TASK DETAILS = Exclude the pictures and transcribe the rest of the data below exactly.

DATASET CONTENT =
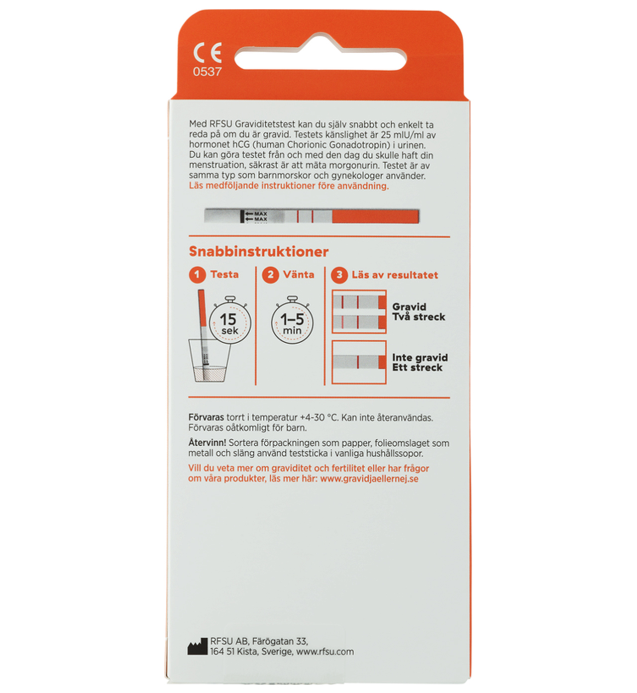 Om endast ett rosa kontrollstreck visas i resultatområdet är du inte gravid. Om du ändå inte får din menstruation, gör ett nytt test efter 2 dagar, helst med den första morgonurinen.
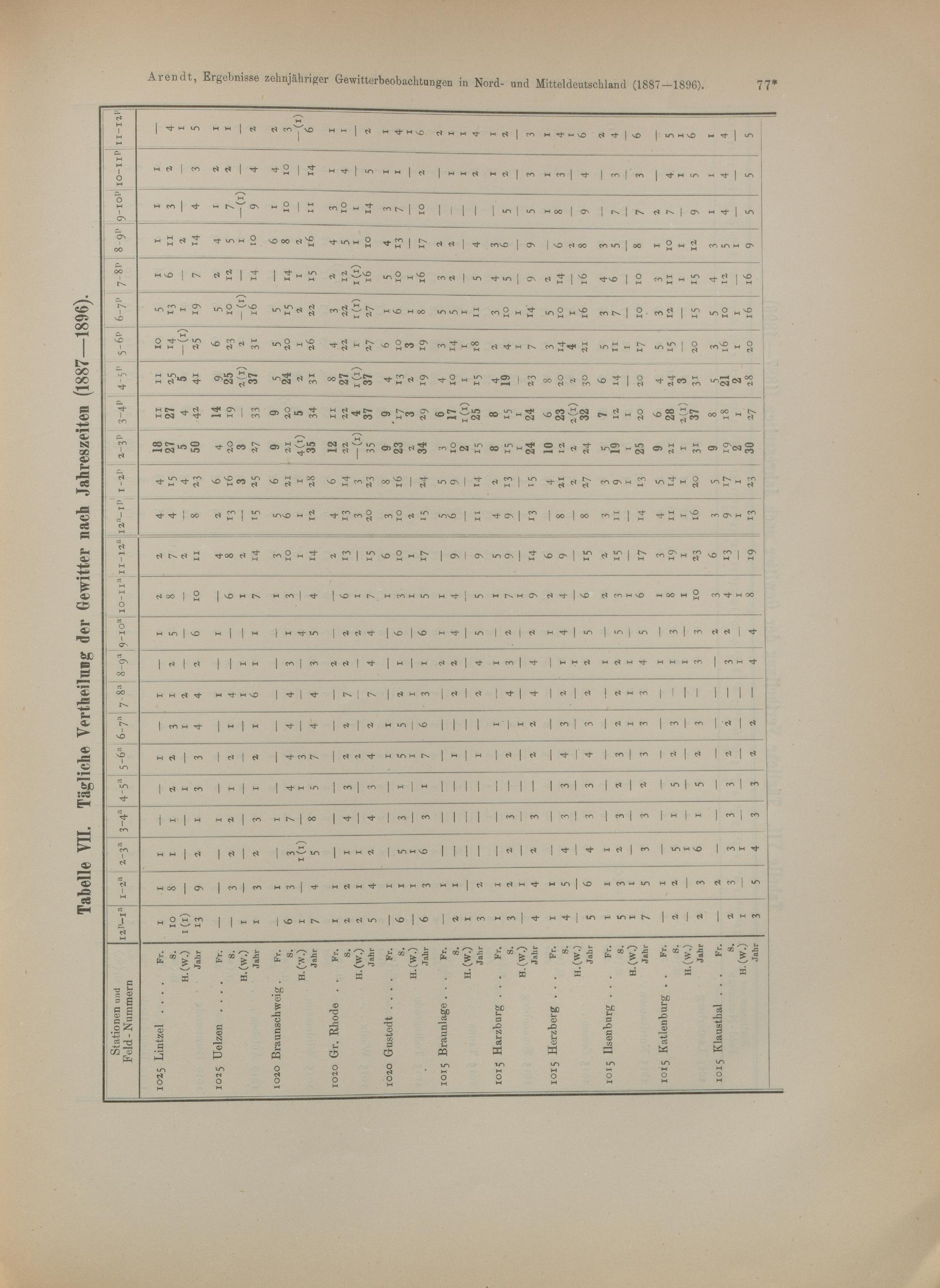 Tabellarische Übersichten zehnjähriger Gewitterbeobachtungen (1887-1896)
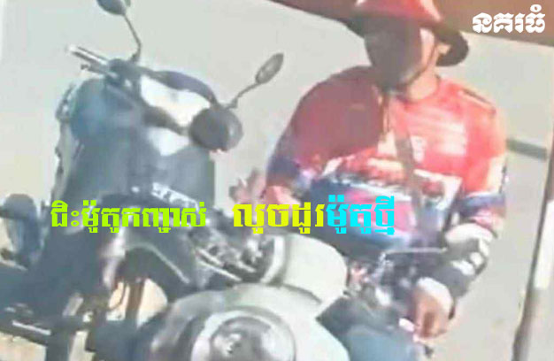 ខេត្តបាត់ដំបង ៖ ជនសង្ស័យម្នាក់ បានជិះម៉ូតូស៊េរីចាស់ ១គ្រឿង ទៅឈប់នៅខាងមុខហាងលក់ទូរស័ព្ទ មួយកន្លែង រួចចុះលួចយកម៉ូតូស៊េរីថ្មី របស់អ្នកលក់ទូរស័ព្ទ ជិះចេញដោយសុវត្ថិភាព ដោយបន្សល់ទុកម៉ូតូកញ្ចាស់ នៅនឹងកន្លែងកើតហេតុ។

WRITTEN RESPONSE =
 Om endast ett rosa kontrollstreck visas i resultatområdet är du inte gravid. Om du ändå inte får din menstruation, gör ett nytt test efter 2 dagar, helst med den första morgonurinen.
 Tabellarische Übersichten zehnjähriger Gewitterbeobachtungen (1887-1896)
 ខេត្តបាត់ដំបង ៖ ជនសង្ស័យម្នាក់ បានជិះម៉ូតូស៊េរីចាស់ ១គ្រឿង ទៅឈប់នៅខាងមុខហាងលក់ទូរស័ព្ទ មួយកន្លែង រួចចុះលួចយកម៉ូតូស៊េរីថ្មី របស់អ្នកលក់ទូរស័ព្ទ ជិះចេញដោយសុវត្ថិភាព ដោយបន្សល់ទុកម៉ូតូកញ្ចាស់ នៅនឹងកន្លែងកើតហេតុ។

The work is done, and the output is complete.